Muller pushed the rolled net over the skimmer’s side. It unrolled and flapped sluggishly in the wind. The skimmer rocked.

They were very close, now, and traveling fast. A plume of wind-lifted snow blew up behind them. Hitchcock held his camera fixed on the flopper. The scene exploded into largeness before them.

At the last moment, the pilot spun the skimmer broadside, setting the net to scoop up the flopper. At that instant, Hitchcock reached down and wrenched the net’s anchor cord from the grommet near his knee.

Because he was doing that, his camera did not record what followed. The net, robbed of half its support, bunched into a bundle which clubbed the flopper from behind and tumbled it into the snow. A large, ragged, heart-shaped rock flew from its paws.

The skimmer hurtled onward from its own momentum. The pilot fought to slow it down. Hitchcock raised his camera again.

He got what happened next on the tape—the catlike pounce of the beast, the desperate struggling of the flopper, and the sudden gush of turquoise blood on the white snow.

“You see?” Hitchcock cried triumphantly “You see? That’s how you make them live! You murderers!”

4

It was days later that Hitchcock commanded Muller to show how he measured the floppers’ intelligence.

Consistently, as his investigation progressed, he had heard their intelligence disparaged. It was a lie and a conspiracy, of course, but he was gradually forced to the realization that the ultimate success or failure of his mission would depend on whether he could turn up evidence to prove they were intelligent.

Muller smiled and took him into the laboratory.

At first, what he saw was not encouraging. The problem tests were fantastically simple. In fact, when he tried them, their solutions were practically obvious. But he did force Muller to concede that the floppers could do them, too.

“Yeah, they do ‘em,” Muller said sneeringly. “They do ‘em almost as good as you do.”

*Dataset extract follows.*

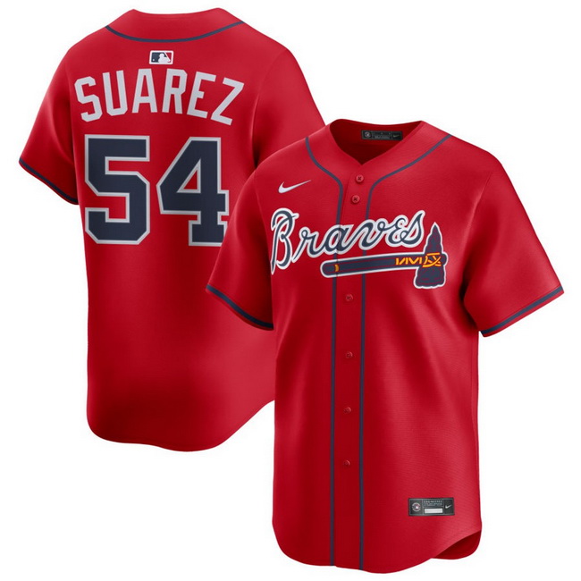 Men Atlanta Braves Nike Alternate Limited Jersey Red Suarez Jose 54

Then they came to some problems not so easy. Problems like the fire-moat, in which—to reach a scrap of food— the flopper had to cross a wide bed of flame-bright coals.

Baffled, Hitchcock paced back and forth along the edge, his hollow-jowled face made ruddy by the heat. There wasn’t any way he could do it. No way at all. Finally, he gave up. “This is impossible,” he protested.

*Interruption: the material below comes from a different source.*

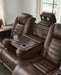 Details One-touch power control with adjustable positions, Easy View™ adjustable headrest and zero-draw USB port, Zero-draw technology only consumes power when the USB receptacle is in use, Zero-gravity mechanism allows optimum reclining comfort with infinite reclining positions at the touch of a button, Easy View™ adjustable headrest puts your head and neck in optimum position for reading or watching TV even if you're fully reclined, Extended ottoman for enhanced comfort, Corner-blocked frame with metal reinforced seat, Attached cushions; high-quality foam cushions wrapped in poly fiber, 100% top grain leather covers inside areas such as the back, seat and arm cushions; skillfully matched faux leather covers the remaining areas, Due to its natural origin, real leather can show individual characteristics such as healed scars, growth marks, grain variation and shade variation, Natural variations make each hide unique and do not detract from the wearing qualities of leather, Drop-down table with LED reading lights and dual cup holders; storage armrests with 2 cup holders, Wireless and USB charging, Power cord included; UL Listed

“Yeah?” Muller smiled. He walked over, picked up a mat from the floor, and threw it across the hot coals.

“How should I have known it was fireproof?” Hitchcock protested. He was using his camera again, recording the problem and its solution.

“How did you know it wasn’t?” Muller answered. “You should have tried it, to find out.”

“But you can’t expect an... an untrained savage to think of that,” Hitchcock argued.

Muller shrugged. “It’s a tough trick, all right,” he admitted. “But we’ve had a few floppers do it.”

“Impossible,” Hitchcock snapped.

“Not those floppers,” Muller snorted. “They were smart.”

“What?” Hitchcock wondered. He wasn’t sure he’d heard right. “Not really!”

Muller shrugged and smiled. “We have had a few smart ones,” he admitted.

Hitchcock paused, inwardly jubilant, but he pretended not to be especially impressed. Like a hunter catching sight of his prey, he decided to wait—to bide his time and hope that Muller, unsuspecting, would make further revelations.

The man had the proof he—Hitchcock—needed. That was all he had to know.

There were more problems, most of them even more difficult. Hitchcock managed to solve very few of them, in spite of his heightened vigilance. Muller didn’t explain how he expected floppers to solve them, when even a man was baffled. He just smiled.